__Task goal__
Look below for the line with "This bingo card" and the line with "Кузя, детский магазин"; repeat exactly those two lines and all lines between them, but no pictures.

__Given records__
BEGIN

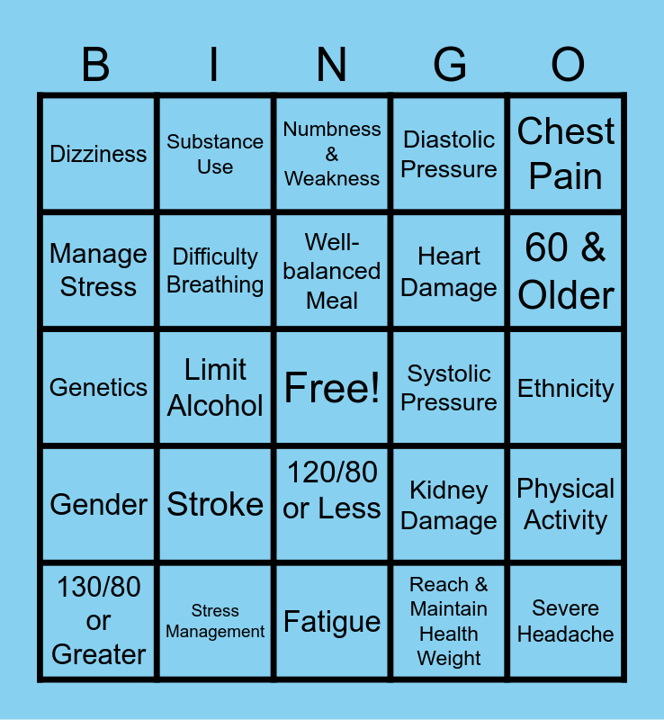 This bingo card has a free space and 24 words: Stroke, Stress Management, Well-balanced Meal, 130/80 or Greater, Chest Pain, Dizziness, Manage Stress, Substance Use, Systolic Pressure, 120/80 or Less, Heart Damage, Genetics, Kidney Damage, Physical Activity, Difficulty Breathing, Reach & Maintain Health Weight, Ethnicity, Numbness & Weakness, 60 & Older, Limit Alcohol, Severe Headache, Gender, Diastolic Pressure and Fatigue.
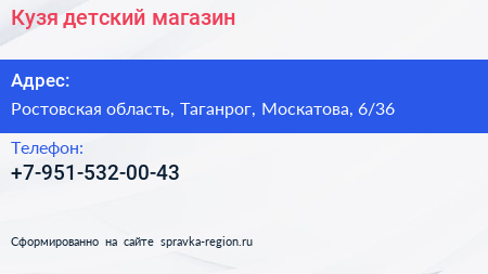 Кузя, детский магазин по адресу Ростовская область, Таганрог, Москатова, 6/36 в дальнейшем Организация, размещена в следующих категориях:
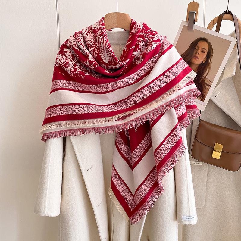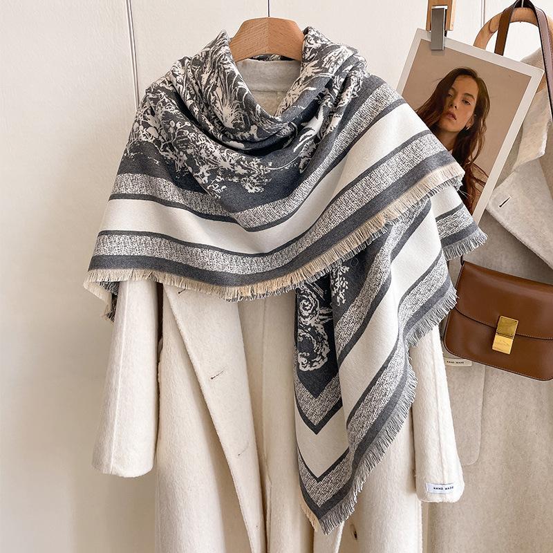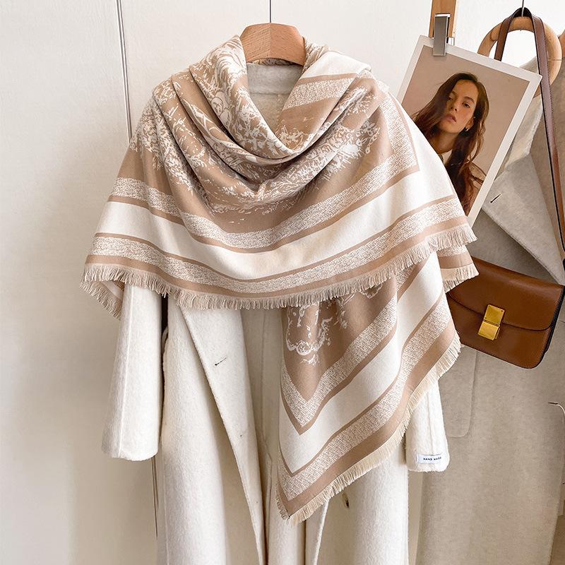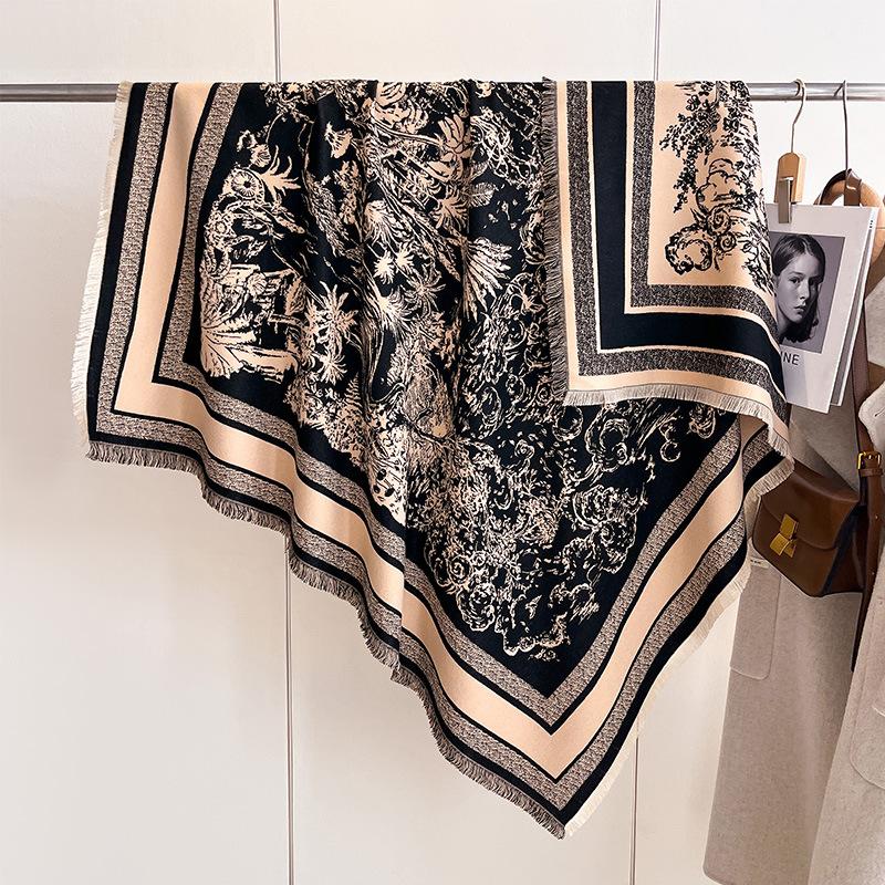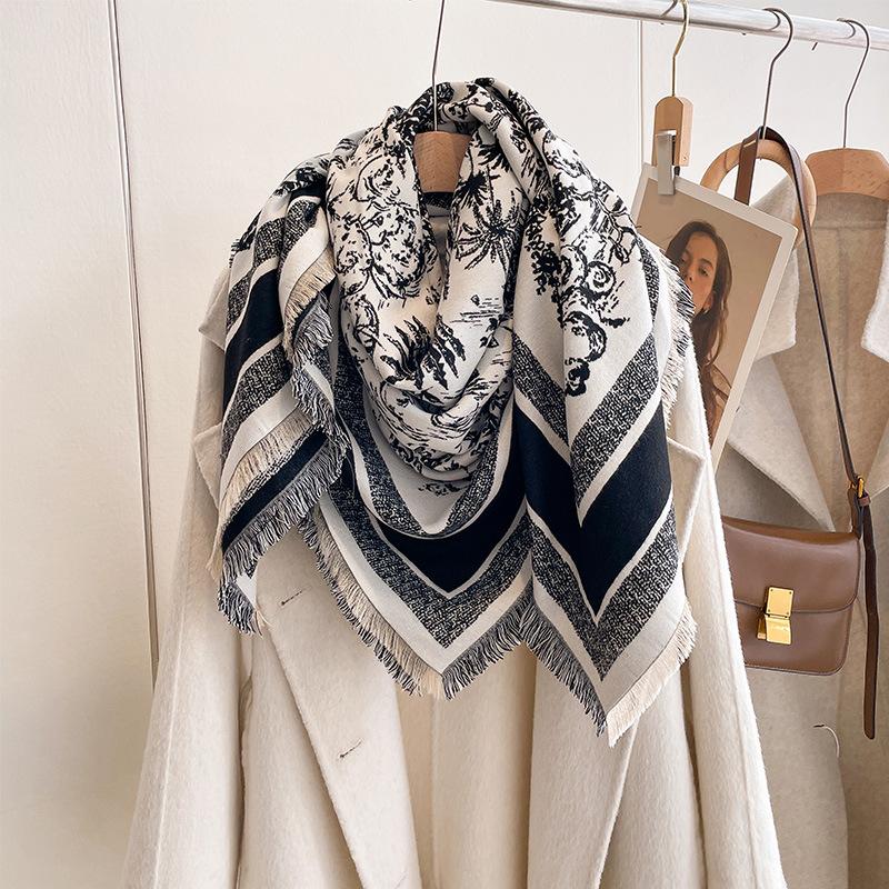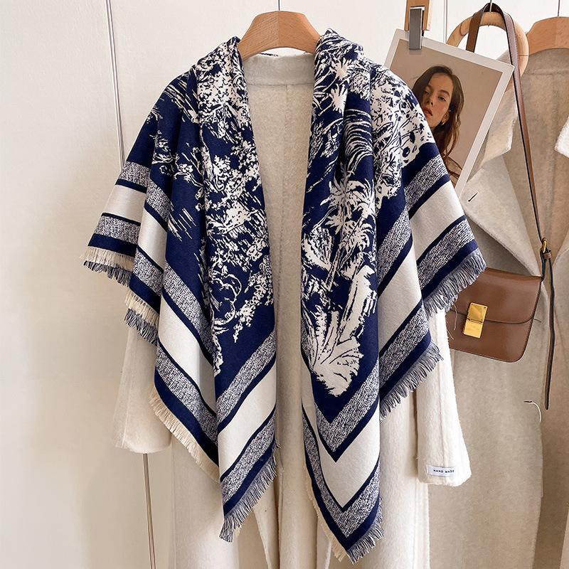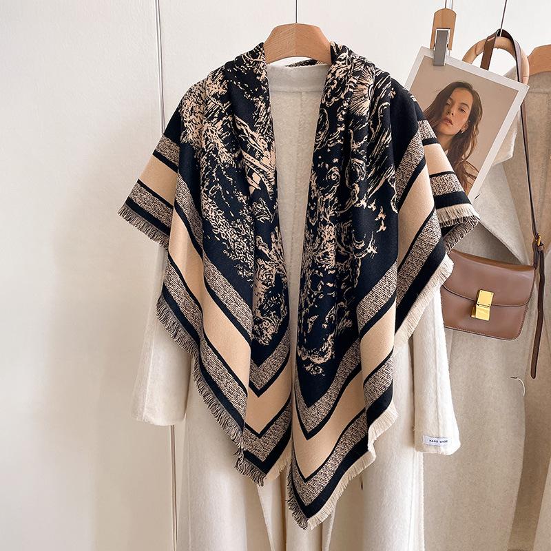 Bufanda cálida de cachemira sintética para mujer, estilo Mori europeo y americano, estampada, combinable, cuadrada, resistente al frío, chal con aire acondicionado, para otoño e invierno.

END
BEGIN

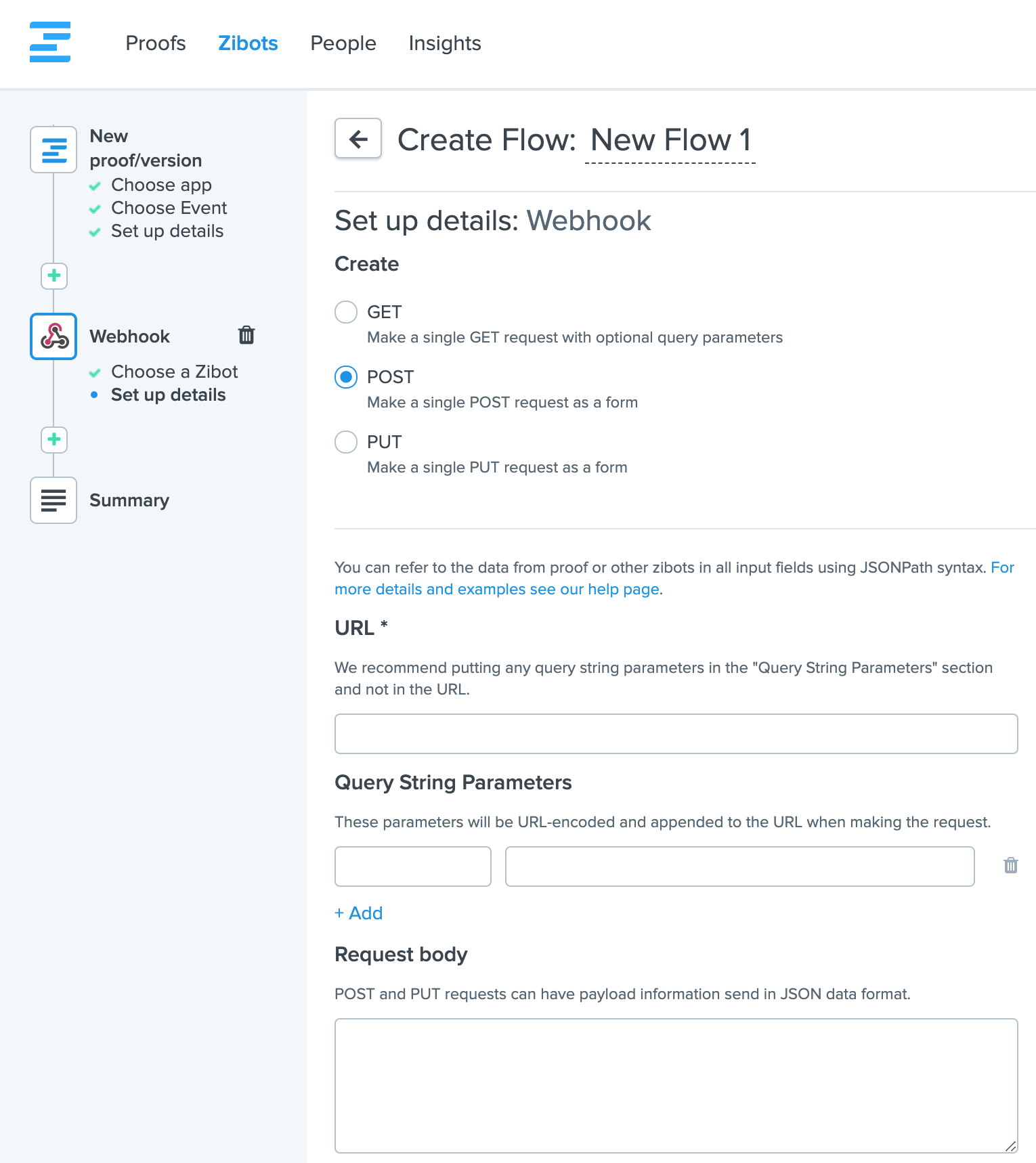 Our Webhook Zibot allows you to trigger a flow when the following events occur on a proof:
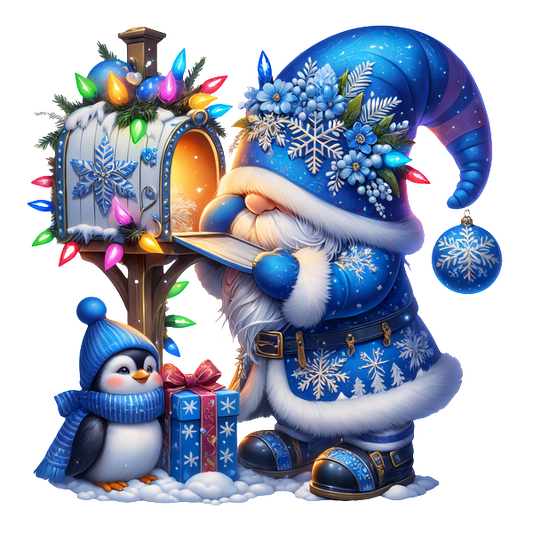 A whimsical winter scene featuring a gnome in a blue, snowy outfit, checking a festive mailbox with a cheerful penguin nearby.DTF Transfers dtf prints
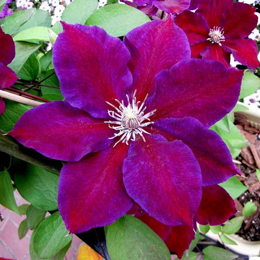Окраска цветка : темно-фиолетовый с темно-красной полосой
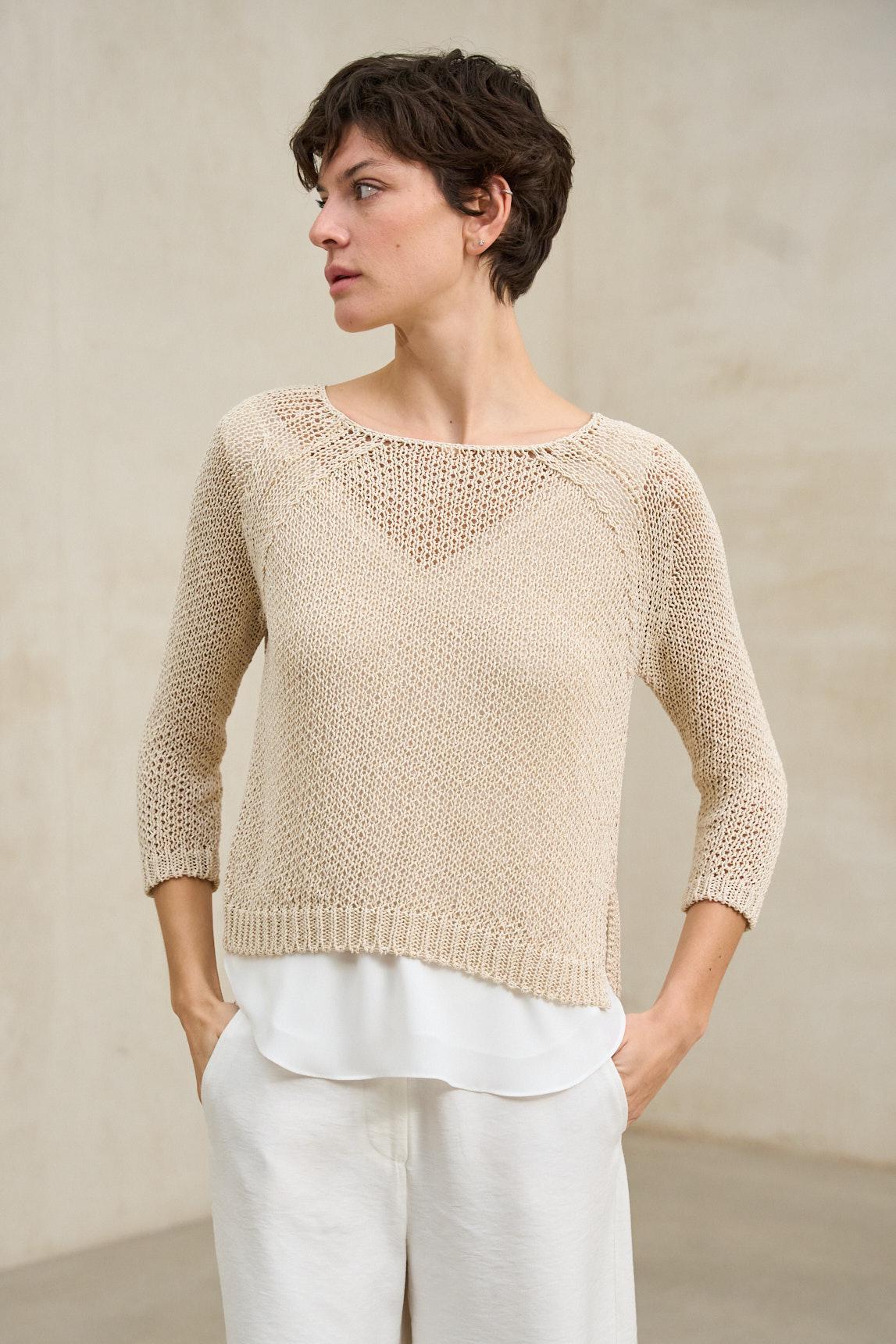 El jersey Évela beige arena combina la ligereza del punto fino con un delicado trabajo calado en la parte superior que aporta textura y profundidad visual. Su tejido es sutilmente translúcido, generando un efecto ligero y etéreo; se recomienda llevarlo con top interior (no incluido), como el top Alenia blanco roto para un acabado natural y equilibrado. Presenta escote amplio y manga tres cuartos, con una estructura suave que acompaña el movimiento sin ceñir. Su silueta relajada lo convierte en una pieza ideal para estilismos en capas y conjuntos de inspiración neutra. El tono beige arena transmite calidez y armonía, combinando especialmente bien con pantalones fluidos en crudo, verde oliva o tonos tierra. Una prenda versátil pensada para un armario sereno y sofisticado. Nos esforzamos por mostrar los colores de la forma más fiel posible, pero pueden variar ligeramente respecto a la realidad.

END
BEGIN

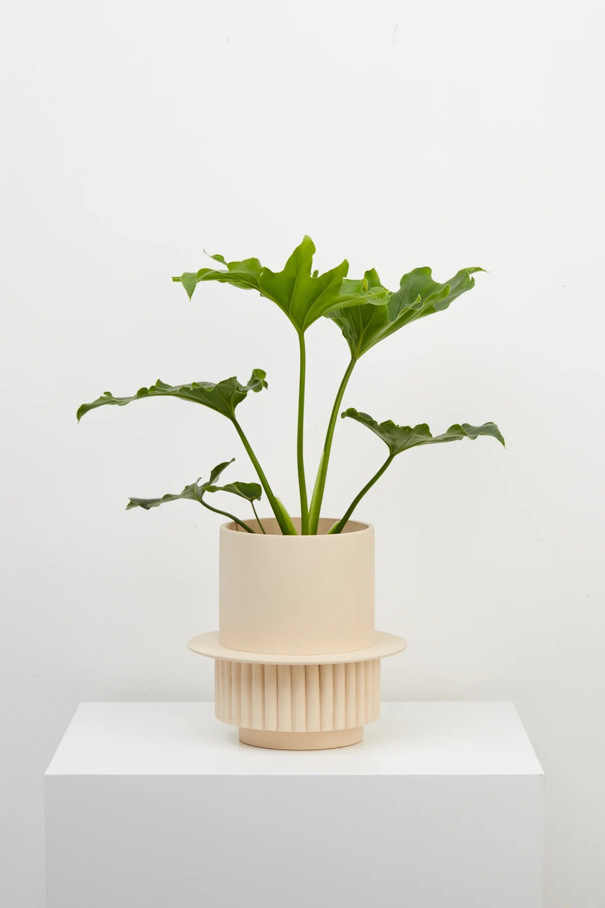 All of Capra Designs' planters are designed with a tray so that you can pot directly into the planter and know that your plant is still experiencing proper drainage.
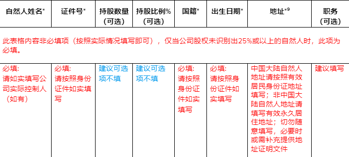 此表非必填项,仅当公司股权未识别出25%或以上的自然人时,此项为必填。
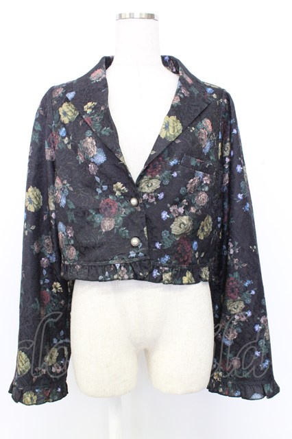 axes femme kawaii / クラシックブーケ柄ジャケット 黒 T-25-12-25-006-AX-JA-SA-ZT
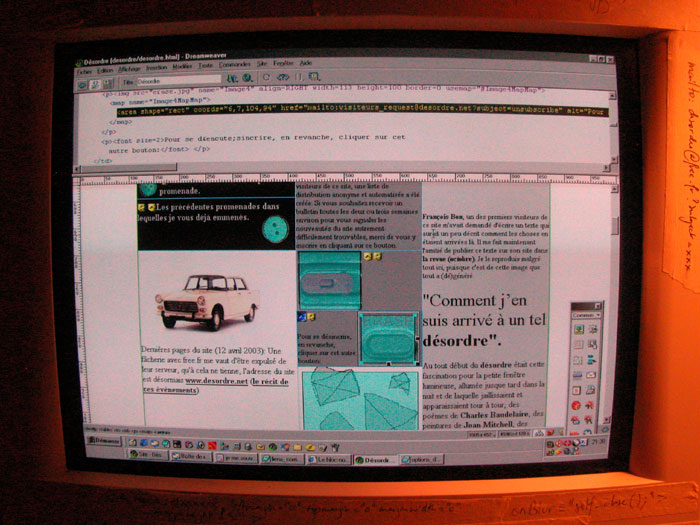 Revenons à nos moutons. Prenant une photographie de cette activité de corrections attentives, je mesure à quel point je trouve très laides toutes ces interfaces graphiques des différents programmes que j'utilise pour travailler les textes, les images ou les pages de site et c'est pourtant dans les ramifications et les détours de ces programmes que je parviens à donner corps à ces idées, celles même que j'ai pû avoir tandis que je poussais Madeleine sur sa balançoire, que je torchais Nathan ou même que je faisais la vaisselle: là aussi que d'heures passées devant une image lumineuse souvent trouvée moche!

END

__Answer to the exercise__
 This bingo card has a free space and 24 words: Stroke, Stress Management, Well-balanced Meal, 130/80 or Greater, Chest Pain, Dizziness, Manage Stress, Substance Use, Systolic Pressure, 120/80 or Less, Heart Damage, Genetics, Kidney Damage, Physical Activity, Difficulty Breathing, Reach & Maintain Health Weight, Ethnicity, Numbness & Weakness, 60 & Older, Limit Alcohol, Severe Headache, Gender, Diastolic Pressure and Fatigue.
 Кузя, детский магазин по адресу Ростовская область, Таганрог, Москатова, 6/36 в дальнейшем Организация, размещена в следующих категориях:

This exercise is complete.